Write out exactly the lines below starting at the one containing "유플러스 5G 요금제는" and ending at the one containing "The Religious Artwork". Omit every picture.

* SOURCE RECORDS *
☆ ☆ ☆

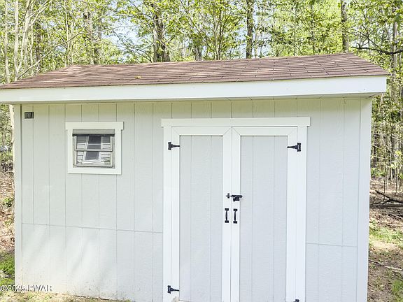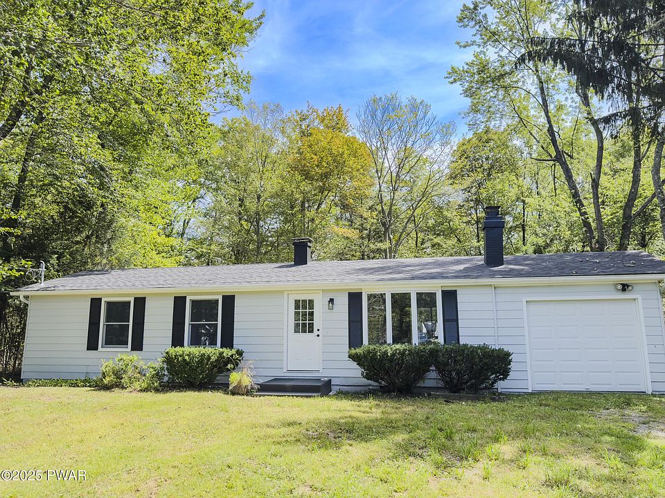 PRIVATELY SET + ALL NEWLY RENOVATED 3 Bedroom, 1 bath, 1 car heated and sheetrocked garage, on 2 lots totalling nearly an acre of property and BACKS TO STATE LAND! This home sweet home has been completely gutted and remodeled! Light & bright open floor plan w/ vaulted beamed ceilings, eat-in kitchen w/ beautiful modern cabinetry and black granite counters, spacious dining area, propane living room fireplace, trendy bath w/ glass shower doors, and HUGE 3-Season sunroom to enjoy your completely private back yard! Natural stone walls border the back of the property near the state land. Storage shed for additional space AND BRAND NEW SEPTIC SYSTEM!!! NEW 200 AMP ELECTRIC SERVICE meter and panel also. Nothing left to worry about except when to move in. Sweetly set down a quiet country road, yet minutes to grocery, gas and the highway. Close to Lake Wallenpaupack Ledgedale access area, Promised Land State Park, and all local Poconos activities. Realtor owned.
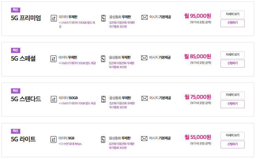 유플러스 5G 요금제는 4가지로 구분되어 있습니다. 5G 스페셜부터 데이터 무제한을 제공하니 데이터를 많이 사용하는 분들에게 적합한 서비스입니다. 5G 프리미엄을 이용하면 스마트기기 2개 월정액 무료와 100GB 데이터 나눠쓰기, 지니뮤직, 유플러스 모바일TV 기본 월정액을 무료로 이용할 수 있습니다. 5G 스페셜의 경우 50GB 데이터 나눠쓰기와 유플러스 모바일 TV 기본 월정액을 제공합니다. 1만원 차이가 있으니 각자의 상황에 맞게 요금제를 확인하고 이용하시면 되겠습니다.
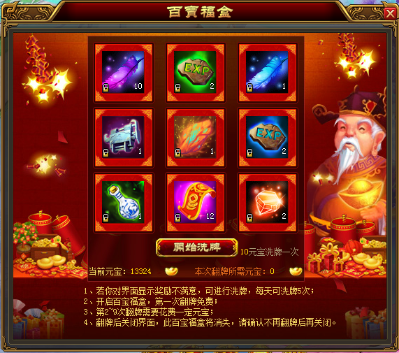 注:百宝福盒使用时将有物品预览,开启后物品位置将随机重置;
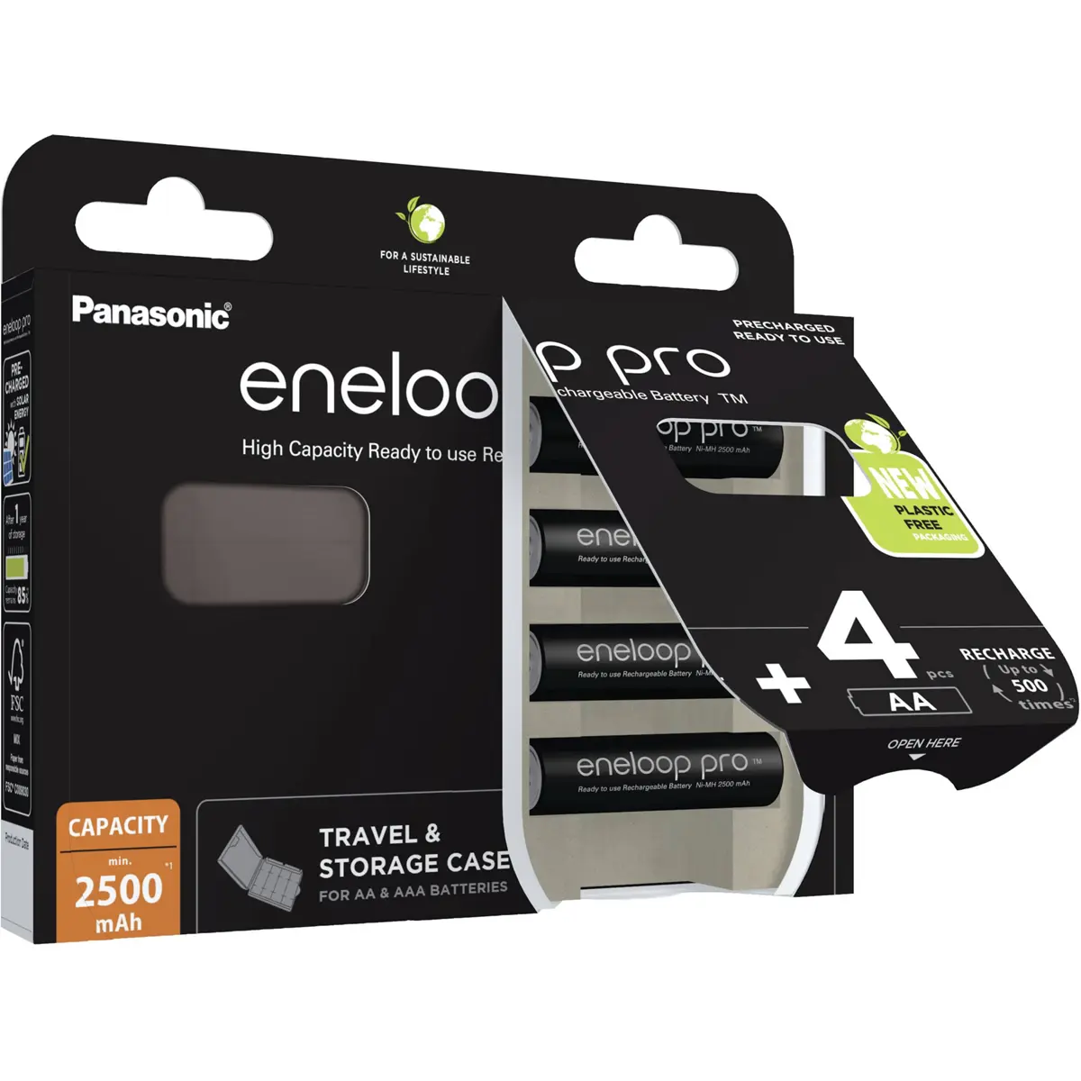 Panasonic Eneloop BK-3HCDEC - Baterias recarregáveis AA 2500mAh [4 unid.] + caixa de armazenamento
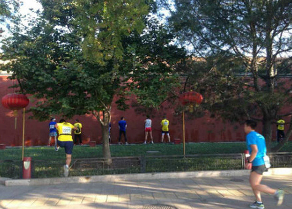 北京馬拉松選手集體在紅墻小便
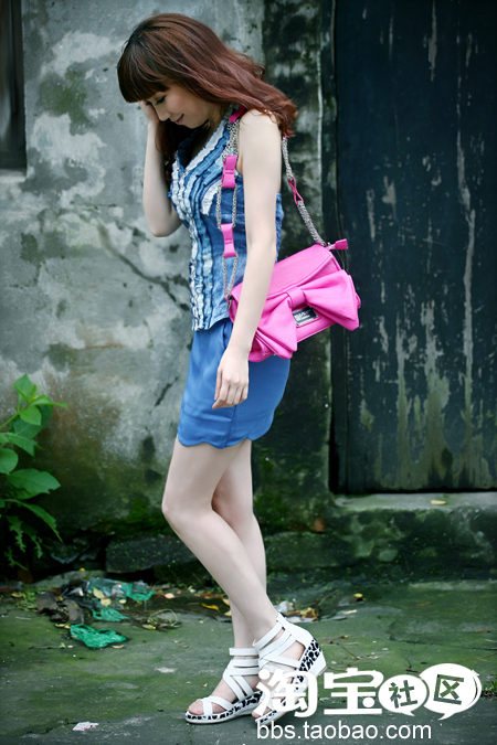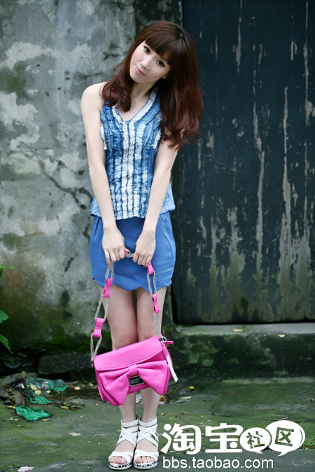 LOOK 1 木耳边渲染色绑带牛仔背心+蓝色花苞裙
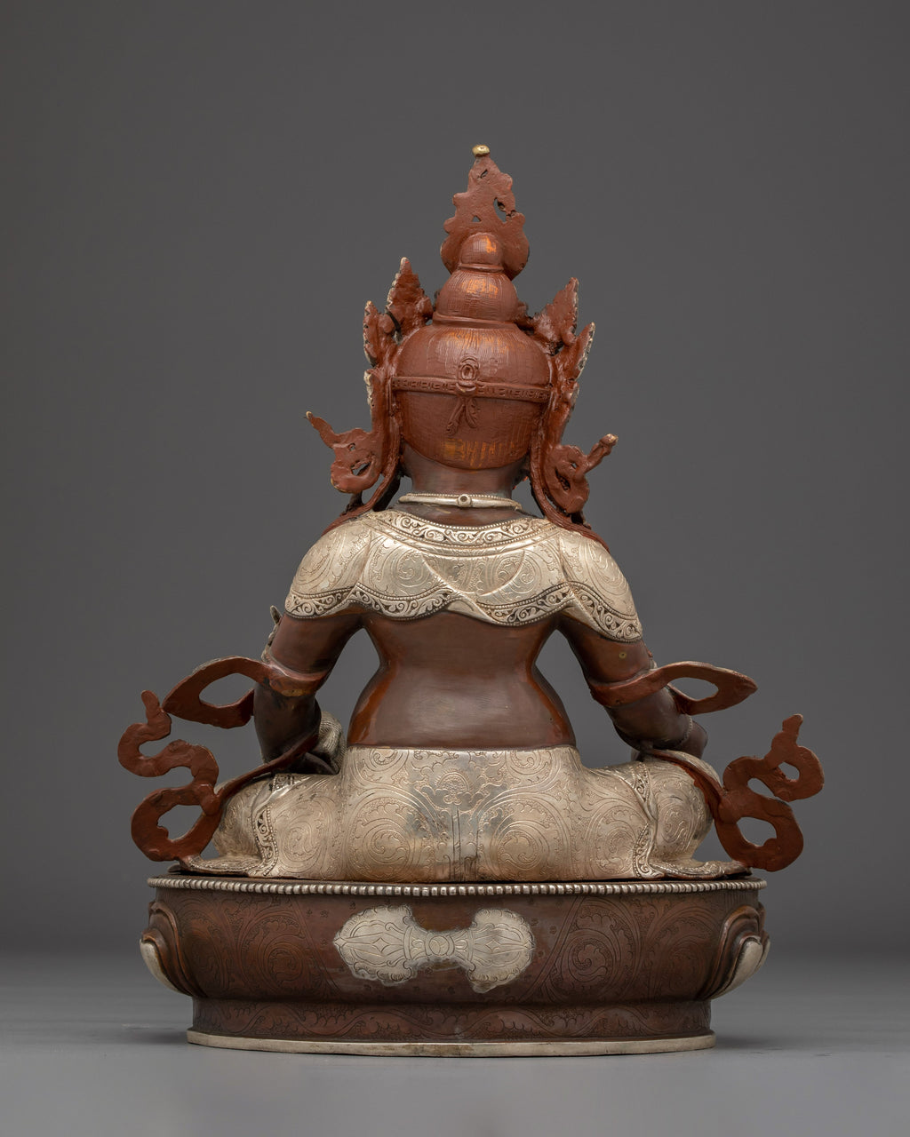 The Religious Artwork of Dzambhala measures 13.6 inches (34.5 cm) in height and 11.2 inches (28.5 cm) at the base. It weighs 4.63 kg and is crafted with a copper body featuring silver plating, representing the spiritual creativity of Himalayan Buddhism, making it a powerful addition to altars, meditation places, or sacred collections.
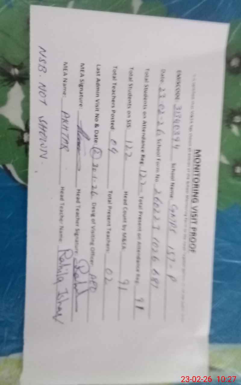 | Monitoring Date: 23-02-2026 | Start Time: 23-02-2026 09:53 AM | End Time: 23-02-2026 10:27 AM | Name of MEA: Ak**** Hu**** Bh**** | |
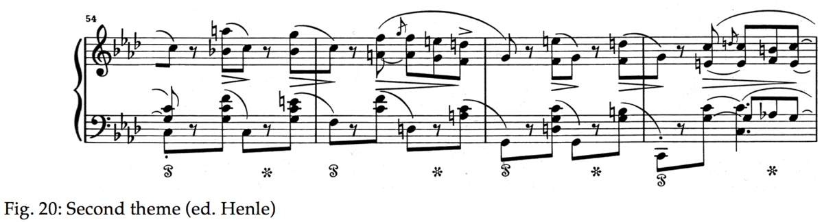When it comes to the phrasing of the first theme (Fig. 4a), I shall return to this when discussing some of the historical recordings. But the correct phrasing, separating the C from F-Eb, doesn’t mean that these three notes don’t hang together motivically. Some scholars consider the F-Eb as being the central motif here [15], and this is plausible, but it does hide some of the connections that I find important in the piece.
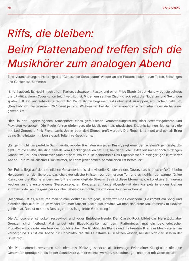 Das Plattencover sieht verlockend aus. Du schnappst es Dir und nimmst die Platte mit sicherem Handgriff aus der Hülle, um sie auf den Plattenspieler zu legen. Du lässt die Nadel auf die Platte absinken, hörst das leichte Knacksen der Einlaufrille und spürst schon, das sich da etwas Genussvolles anbahnt! Jetzt aber schnell in Deinen Lieblingssessel, zurücklehnen und in Ruhe dem Klang der Platte zuhören! Genuss kann so einfach sein!
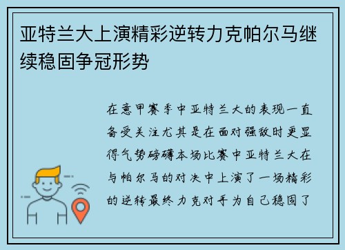 亚特兰大上演精彩逆转力克帕尔马继续稳固争冠形势
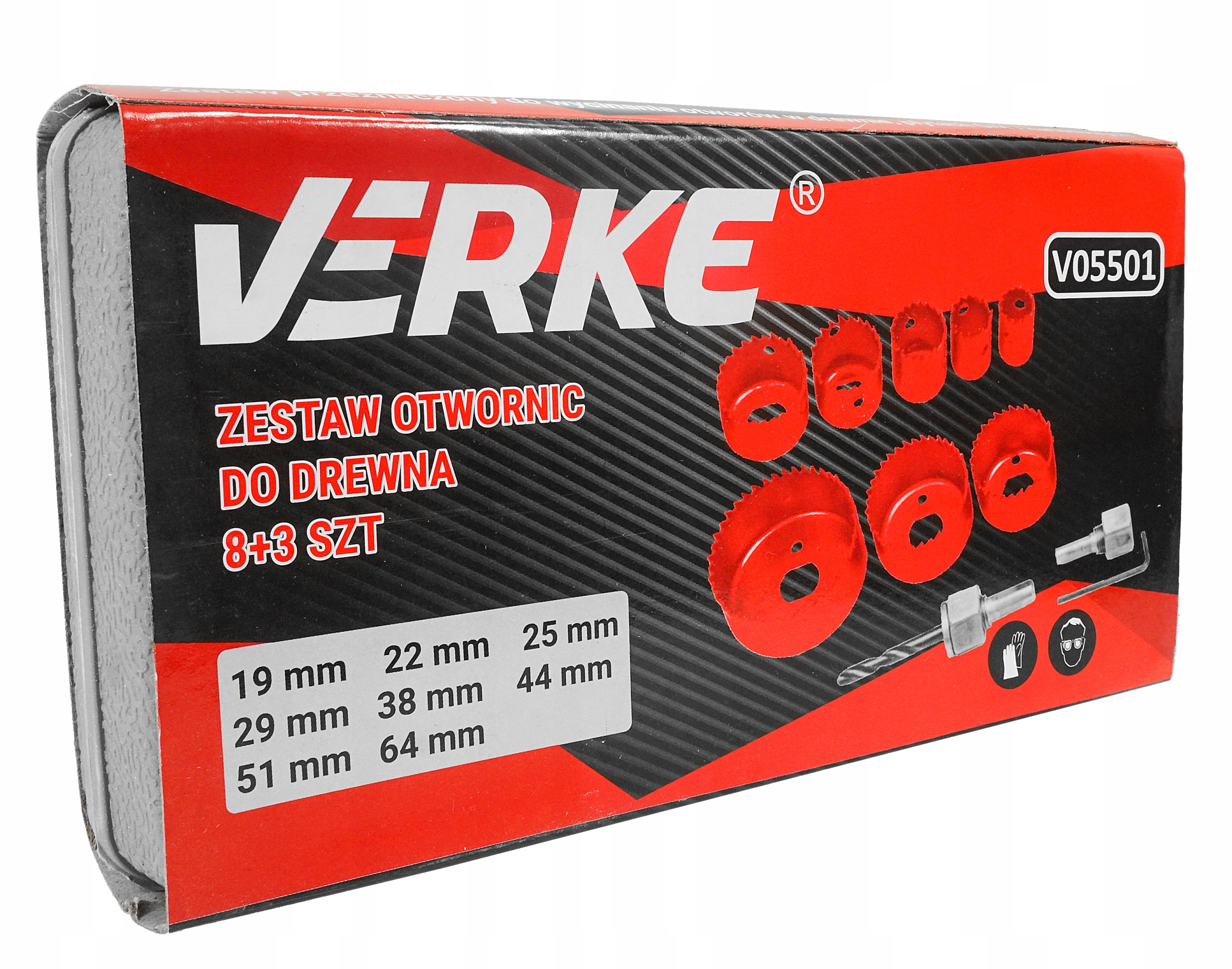 Набір, призначений для вирізання отворів у деревині, г/ K табличках та картону. Набір корисний для обробки, гідравлічних та електричних робіт. Отвори використовуються для вирізання отворів великого діаметру, вирізаючи лише по периметру отвору. Форма свердла має форму циліндра, закінчену різкими зубцями.

☆ ☆ ☆

* SOLUTION *
 유플러스 5G 요금제는 4가지로 구분되어 있습니다. 5G 스페셜부터 데이터 무제한을 제공하니 데이터를 많이 사용하는 분들에게 적합한 서비스입니다. 5G 프리미엄을 이용하면 스마트기기 2개 월정액 무료와 100GB 데이터 나눠쓰기, 지니뮤직, 유플러스 모바일TV 기본 월정액을 무료로 이용할 수 있습니다. 5G 스페셜의 경우 50GB 데이터 나눠쓰기와 유플러스 모바일 TV 기본 월정액을 제공합니다. 1만원 차이가 있으니 각자의 상황에 맞게 요금제를 확인하고 이용하시면 되겠습니다.
 注:百宝福盒使用时将有物品预览,开启后物品位置将随机重置;
 Panasonic Eneloop BK-3HCDEC - Baterias recarregáveis AA 2500mAh [4 unid.] + caixa de armazenamento
 北京馬拉松選手集體在紅墻小便
 LOOK 1 木耳边渲染色绑带牛仔背心+蓝色花苞裙
 The Religious Artwork of Dzambhala measures 13.6 inches (34.5 cm) in height and 11.2 inches (28.5 cm) at the base. It weighs 4.63 kg and is crafted with a copper body featuring silver plating, representing the spiritual creativity of Himalayan Buddhism, making it a powerful addition to altars, meditation places, or sacred collections.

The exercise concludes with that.